In the court below, the plaintiffs-respondents instituted an action against multiple defendants, including the petitioners herein. The defendants were all served with process in counties other than Pima County with the sole exception of one Mike Pintek, a resident of Pima County employed by the Arizona Highway Department. On motion to dismiss for failure to state a claim on which relief could be granted, judgment was entered dismissing the complaint against several defendants, including Mike Pintek, State of Arizona, and the Arizona Highway Commission.
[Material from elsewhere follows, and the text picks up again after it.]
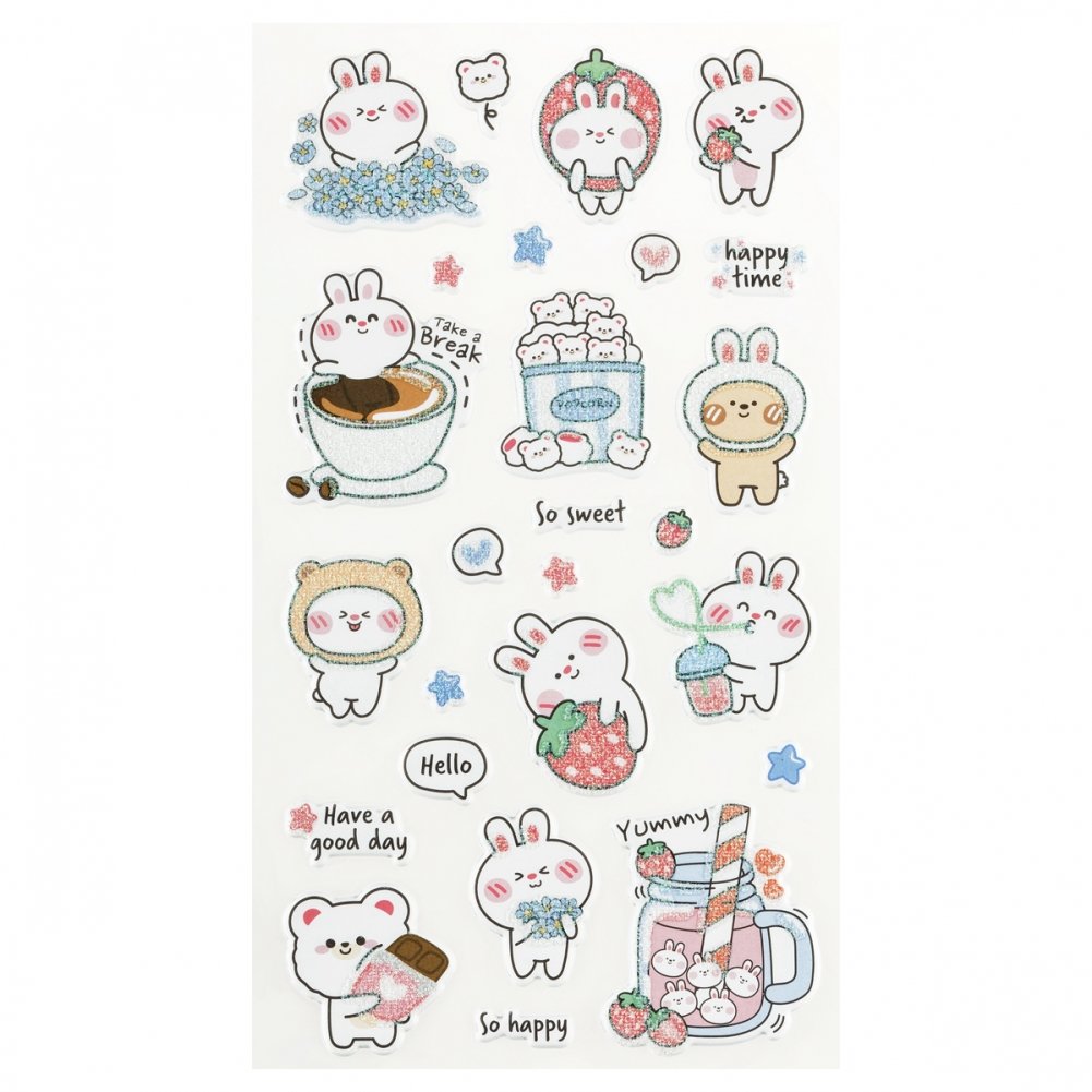 Наклейки объемные MESHU "Bubble bunny", 10х23 см, с блестками, пакет европодвес. Арт. MS_57641

Petitioners’ application for a *416change of venue, however, which was considered by the trial court in conjunction with the motion to dismiss, was denied, and petitioners-defendants seek certiorari in this court.

For the sake of convenience, the parties will be denominated, as below, “plaintiffs” and “defendants.”
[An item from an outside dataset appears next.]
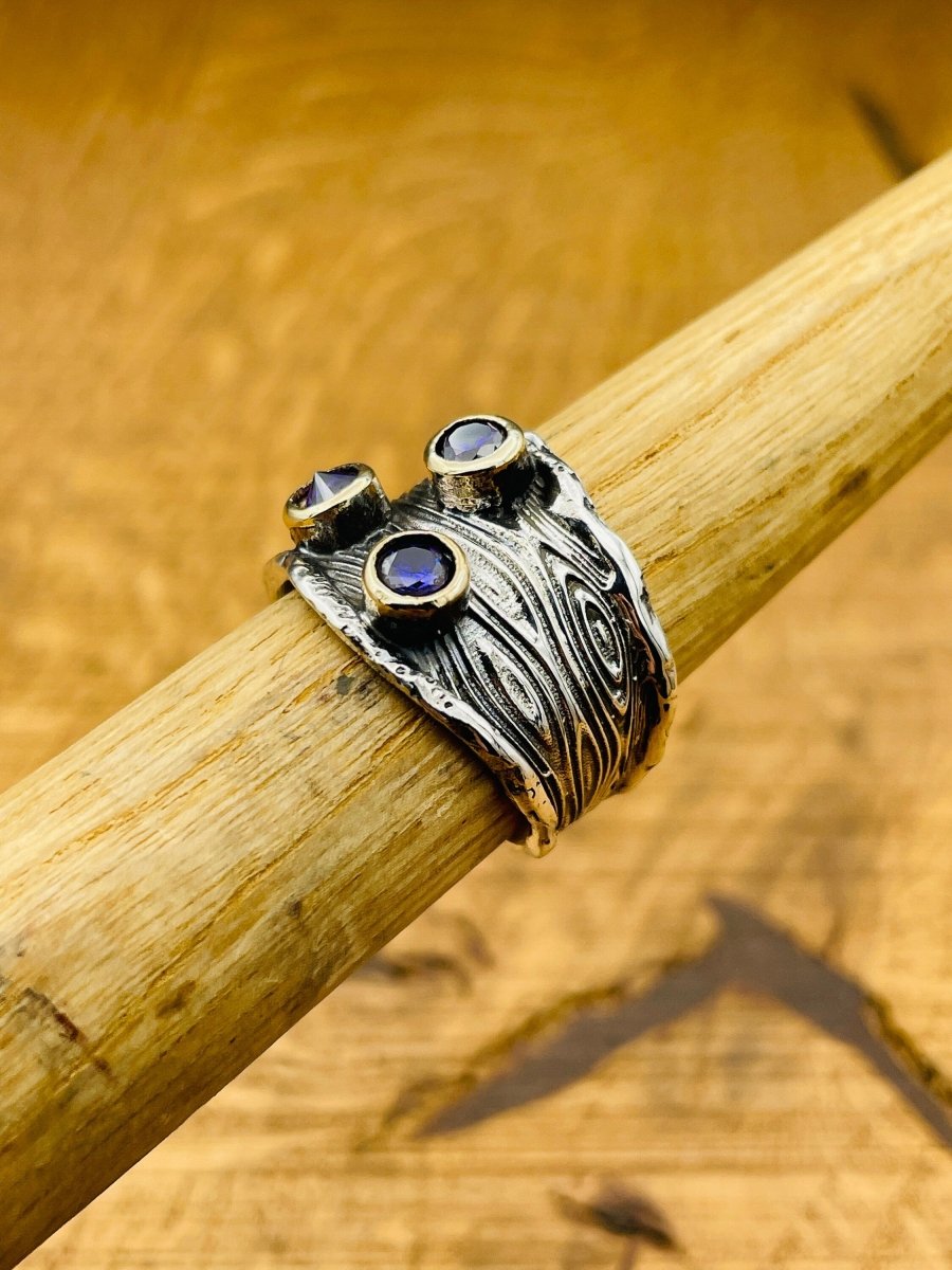- Exquisiter türkischer handgefertigter Ring mit lila Amethyststeinen

Plaintiffs undertook the construction of a dam, to be called Golder Dam, on the Canada del Oro in Southern Pinal County, Arizona. Pursuant to Tit. 45, Ch. 3 of the Arizona Revised Statutes, the plaintiffs submitted proposed construction plans and specifications to the Arizona Highway Department and paid $6,225 in application fees (A.R.S. § 45-704). Subsequent to approval of the plans and specifications for the dam by the Arizona Highway Department, changes were proposed by the defendants-contractors, assented to by the plaintiffs, and approved by the Arizona Highway Department. The dam failed to hold water as contemplated and, relative to the Arizona Highway Department and its agents, the plaintiffs alleged negligence in the approval of the plans and specifications, and generally, in its investigations and inspections.

The defendants, State of Arizona, the Arizona Highway Commission, named members thereof, and other state agents and employees, including Mike Pintek, timely moved to have the complaint dismissed as to them on the grounds that (1) the action was specifically barred by A.R.S. § 45-715, (2) that the state engineer and his employees were not under a duty to use due care to see that the plaintiffs’ dam was so designed or constructed as to serve plaintiffs’ purposes, i. e., to hold water, and (3) that A.R.S. § 12-821 and the Arizona Constitution provides a procedure for making a claim against the state and that such procedure was not followed by the plaintiffs.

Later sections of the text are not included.